SLURM version 2.3 supports Cray XT and XE systems running over Cray's ALPS (Application Level Placement Scheduler) resource manager. This presentation will discuss the design and operation of SLURM with respect to Cray systems.

Session #6

Introduction to SLURM DRMAA
Mariusz Mamoński (Poznań University)

DRMAA or Distributed Resource Management Application API is a high-level Open Grid Forum API specification for the submission and control of jobs in a Grid architecture.

Session #7

Bright Cluster Manager & SLURM: Benefits of Seamless Integration
Robert Stober, Sr. (Bright Computing)

Bright Cluster Manager, tightly integrated with SLURM, simplifies HPC cluster installation and management while boosting system throughput. Bright automatically installs, configures and deploys SLURM so that clusters are ready to use in minutes rather than days. Bright provides extensive and extensible monitoring and management through its intuitive Bright Cluster Manager GUI, powerful cluster management shell, and customizable web-based user portal. Additional integration benefits include sampling, analysis and visualization of all key SLURM metrics from within the Bright GUI, automatic head node failover, and extensive pre-job health checking capability. Regarding the latter, say good-bye to the black hole node syndrome: Bright plus SLURM effectively prevent this productivity-killing problem by identifying and sidelining problematic nodes before the job is run.

Session #8

Proposed Design for Job Step Management in User Space
Morris Jette (SchedMD)

SLURM currently creates and manages job steps using SLURM's control daemon, slurmctld. Since some user jobs create thousands of job steps, the management of those job steps accounts for most of slurmctld's work. It is possible to move job step management from slurmctld into user space to improve SLURM scalability and performance. A possible implementation of this will be presented.

Session #9

Proposed Design for Enhanced Enterprise-wide Scheduling
Don Lipari (LLNL)

SLURM currently supports the ability to submit and status jobs between computers at site, however the current design has some limitations. When a job is submitted with several possible computers usable for its execution, the job is routed to the computer on which it is expected to start earliest. Changes in the workload or system failures could make moving the job to another computer result in faster initiation, but that is currently impossible.
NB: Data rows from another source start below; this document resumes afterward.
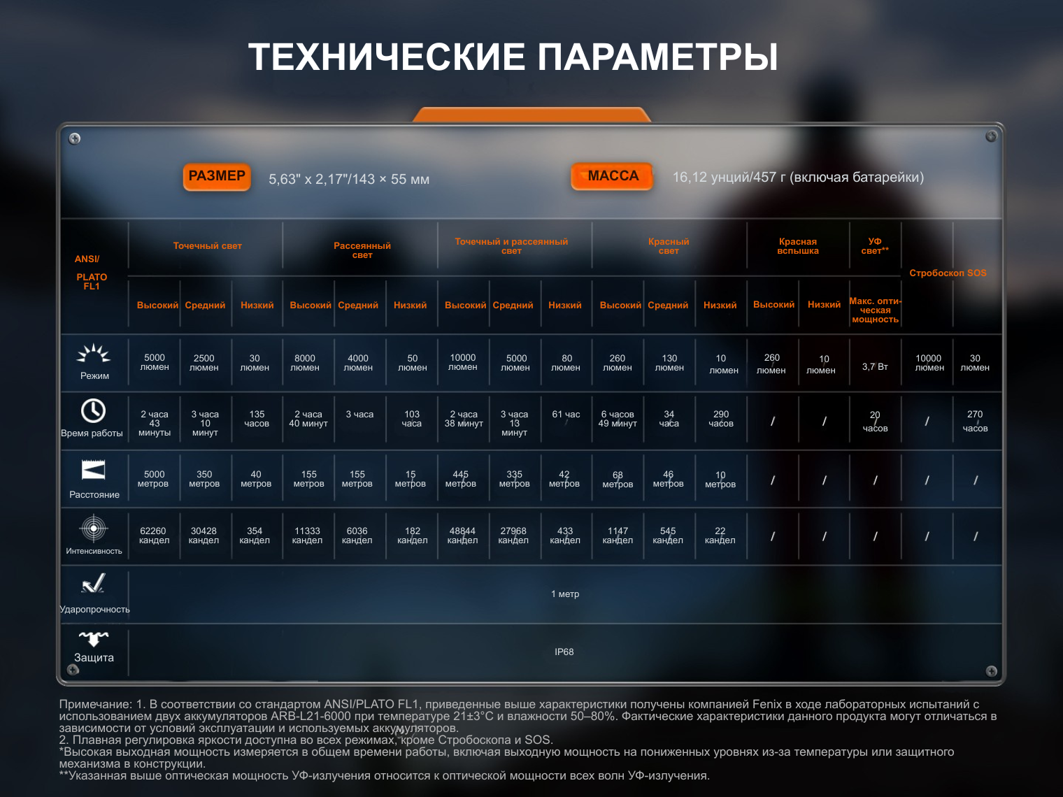 - Белые светодиоды 4 х Luminus SFT25 + 8 x Luminus SST25. Яркость луча достигает рекордных 10000 люмен, а дальность — до 445 м, что позволяет осветить огромное пространство, идентифицировать мелкие предметы и выявить преграды на пути.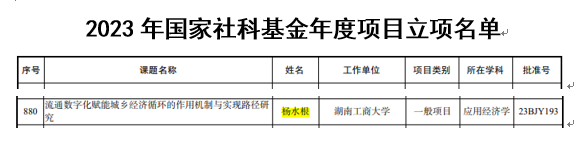 近日,2023年度国家社科基金立项名单公布,我校经济与贸易学院党委书记、高等教育研究院教育经济与管理研究中心成员杨水根教授申报的课题《流通数字化赋能城乡经济循环的作用机制与实现路径研究》获一般项目立项。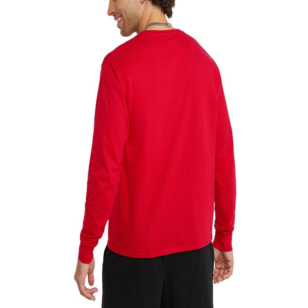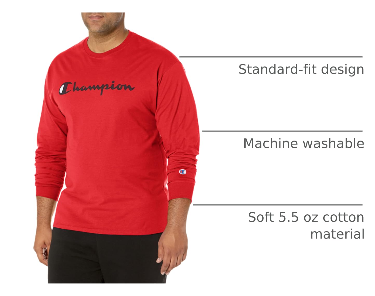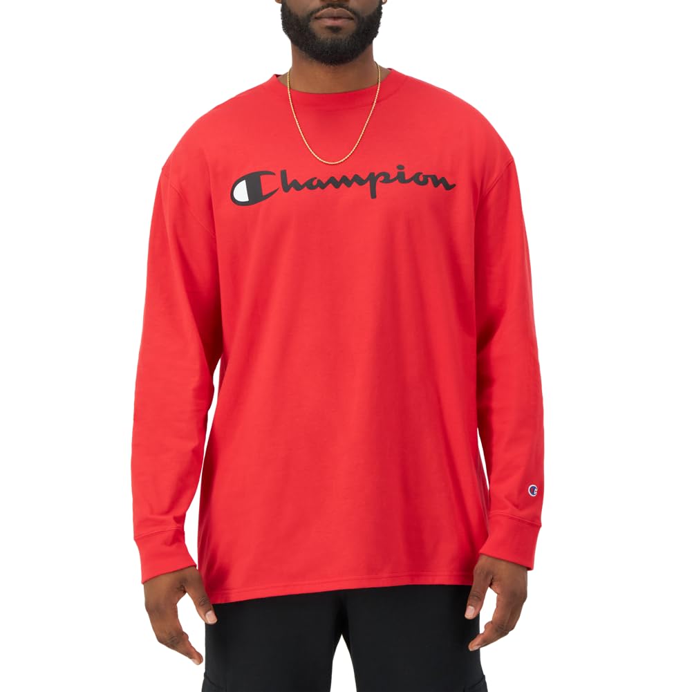 Description A STAPLE FOR ALL SEASONS. A good-to-go long-sleeve shirt is an ideal addition to your year-round wardrobe. Rock this Big & Tall men's long-sleeve T-shirt solo on a breezy night or layer it under your favorite Champion jackets and hoodies for styled warmth. This versatile tee has a soft, worn-in texture you'll love and the cut is made for a Big & Tall frame. The iconic C patch on the chest and sleeve gives that Champion look you trust. From red to black options, there's a look to match your every vibe.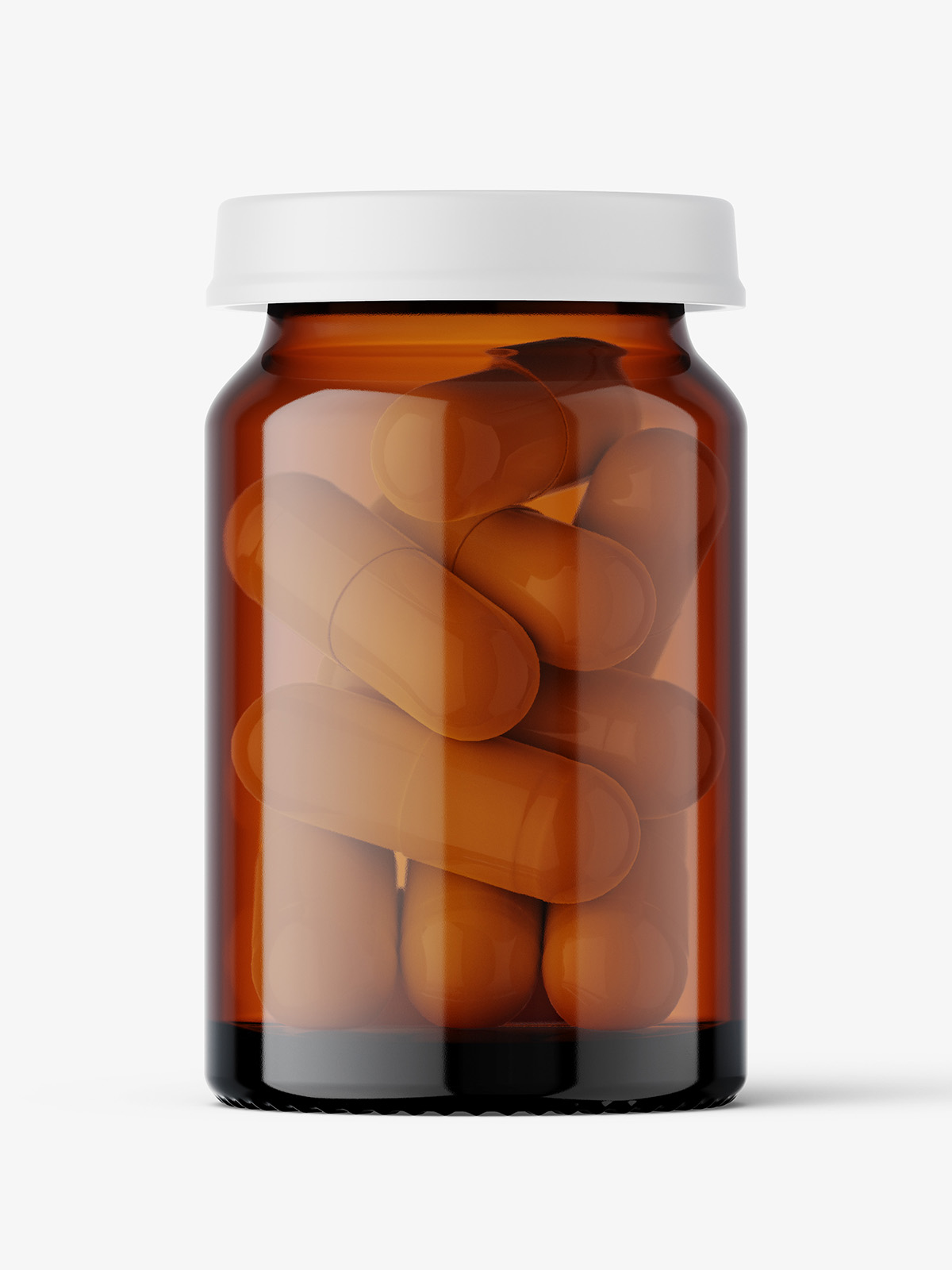 Jar with medicine mockup. It is easy to use and customize. Mockup is preapred in high resolution. You can adjust label size and shape.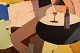 Hans Osswald (1919-1983), Swedish artist. Oil on canvas. Modernist cafe interior. Mid-20th century. The canvas measures: 89 x 79 cm. The frame measures: 3.5 cm. Signed. In excellent condition.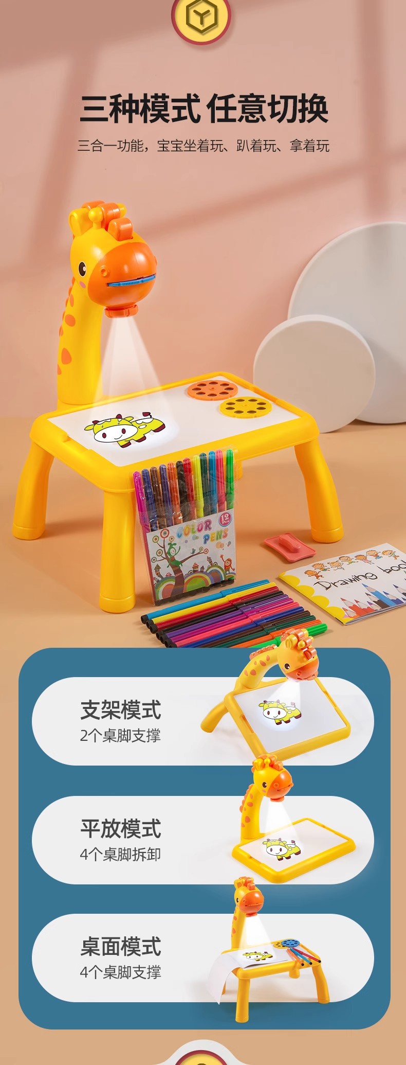 • [충전 증가 사진 24장] 핑크사슴 프로젝션 화판 (펜 12개 + 그림책)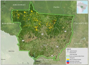 Distribuição espacial da exploração madeireira autorizada e não autorizada no Estado de Mato Grosso entre agosto/2011 e julho/2012.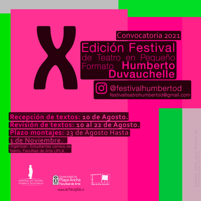 Hasta el martes 10 de agosto se extenderá la convocatoria para que estudiantes de las escuelas de teatro de todo Chile envíen sus textos dramáticos inéditos, para así optar a ser parte de las compañías que darán vida a la X edición del Festival de Teatro Humberto Duvauchelle que organizan anualmente (desde 2012) estudiantes de Teatro de la Facultad de Arte de la UPLA.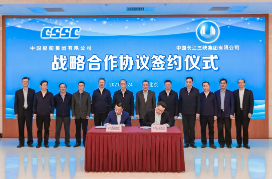 2月24日,中國船舶集團有限公司與中國長江三峽集團有限公司在京簽署戰略合作框架協議。中國船舶集團黨組書記、董事長雷凡培,三峽集團黨組書記、董事長雷鳴山出席簽約儀式。中國船舶集團黨組成員、副總經理盛紀綱,三峽集團黨組成員、副總經理王良友分別代表雙方在協議上簽字。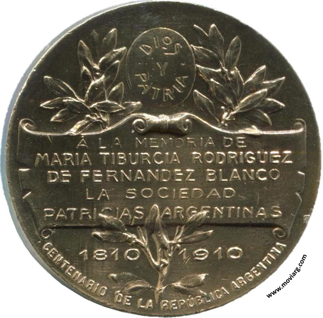 Anverso: 1778 / 1845 Reverso: DIOS / Y / PATRIA / Á LA MEMORIA DE / MARIA TIBURCIA RODRIGUEZ / DE FERNANDEZ BLANCO / LA SOCIEDAD / PATRICIAS ARGENTINAS / 1810 1910 / CENTENARIO DE LA REPÚBLICA ARGENTINA Referencia: | |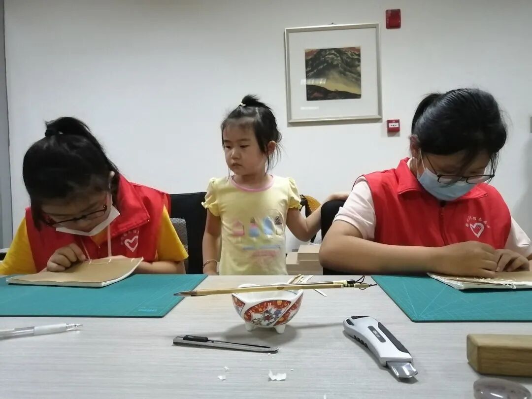 亲临其境的实践形式给小志愿者们带来了古代技艺的现场感,激发了他们的浓厚兴趣,不体验完全部过程不“善罢甘休”,大家通过亲自动手操作体验,初步掌握了线装书制作的技艺,明白了过程的艰辛,同时也领悟了古代做书人的智慧,在投入和专注中体会到了快乐。

SLURM is also unable to support dependencies between jobs executing on different computers. The design of a SLURM meta-scheduler with enhanced enterprise-wide scheduling capabilities will be presented.

Session #10

Contents of SLURM Version 2.3 and plans for future releases
Danny Auble and Morris Jette (SchedMD)

An overview of the changes SLURM Version 2.3 will be presented along with current plans for future releases.

Open Discussion

All meeting attendees will be invited to provide input with respect to SLURM's design and development work. We also invite proposals for hosting the SLURM User Group Meeting in 2012.